Even under Jespersen, employers must not impose standards that unequally burden one sex over the other. Nor should they enforce policies that prohibit employees from appearing or dressing consistently with their gender identity. California’s FEHA expressly outlaws such practice. The FEHA also specifically prohibits employers from requiring women to wear skirts or dresses rather than pants.
Finally, policies that contain otherwise permissible restrictions can be applied illegally. Accordingly, to avoid liability, employers must make sure that any dress/grooming policies are enforced in a consistent and non-discriminatory manner.
Bathrooms
Another sensitive “gender”- related issue involves bathrooms. For example, should a transgender employee use the restroom associated with the employee’s biological sex, or the restroom of the sex with which the individual more closely identifies?

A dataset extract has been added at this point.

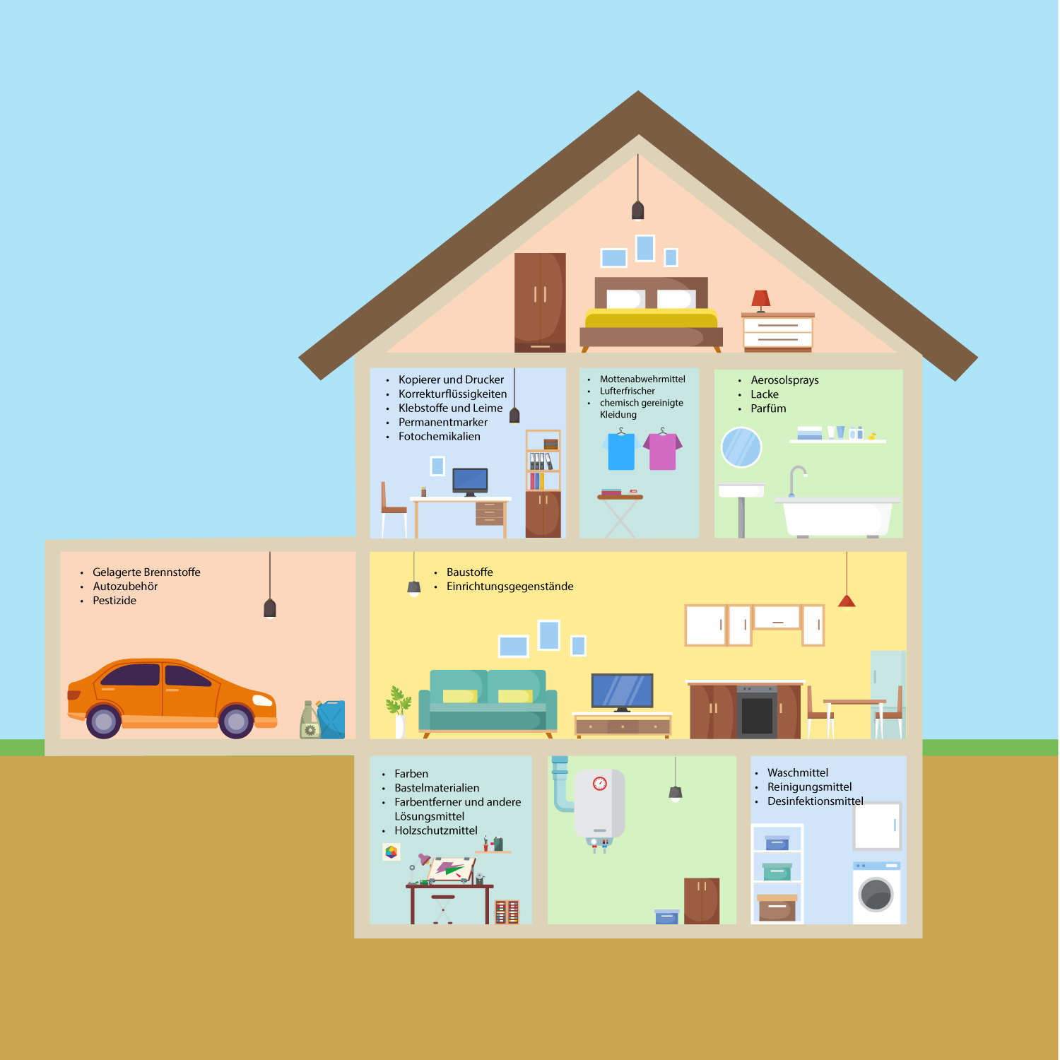 - Formaldehyd: Kommt in Möbeln, Teppichen und Klebstoffen vor.
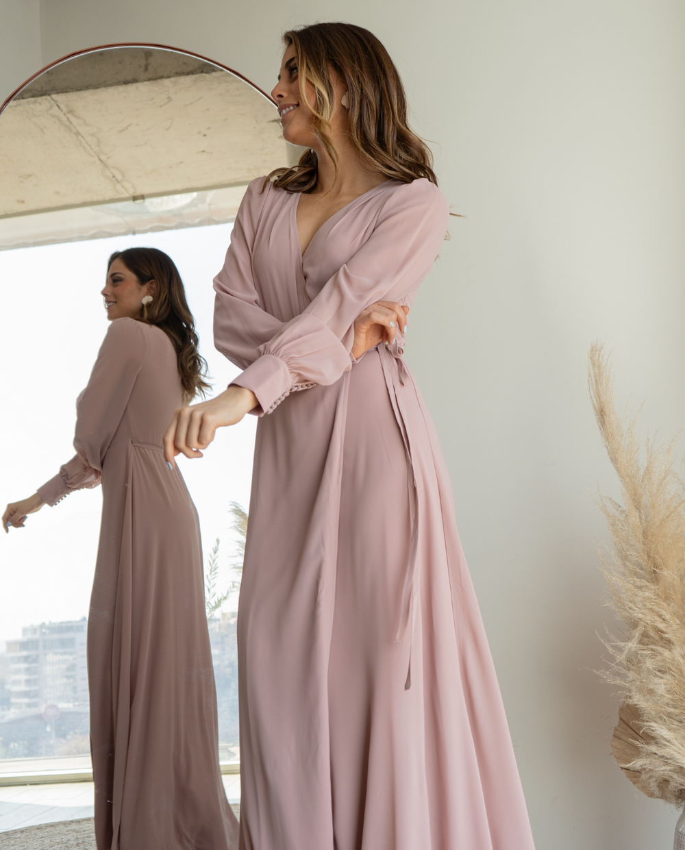 Vestido Largo De Fiesta Jacinta Manga Larga Palo Rosa

Most courts that have considered the matter have concluded that transgender employees have a right to use the bathroom of the sex with which they identify.
As a practical matter, such a policy may not sit well with some employees, who for religious, cultural or other reasons might be sensitive to sharing bathroom space with a person of the opposite sex. Transgender employees themselves might be uncomfortable and intimidated if forced to use any sex-specific restroom. Many employers facing this dilemma opt for a “gender-neutral” bathroom solution—typically a single-stall, lockable restrooms available to anyone, regardless of sex.
Employer Compliance
The reality of the modern workplace is that employees do not always conform to rigid notions of gender identity. Employers are better off not trying to make distinctions between what sort of discrimination or mistreatment of employees is lawful under federal or state law. Instead, employers should ensure that its policies prohibit discrimination and harassment on the basis of biological sex or gender, as well as sexual orientation. Managers and employees also should be trained to accept others differences in an increasingly diverse workplace.
At the same time, however, employers retain discretion to require employees to follow reasonable dress and grooming policies. Regardless of one’s gender identity, it remains the employer’s decision whether to require professional rather than casual dress, conservative hairstyles, jewelry, and other grooming standards. Sometimes, the distinction between reasonable grooming standards and unfair burdens on one sex or the other is hard to discern. As always, employers should consult competent employment counsel before imposing such policies.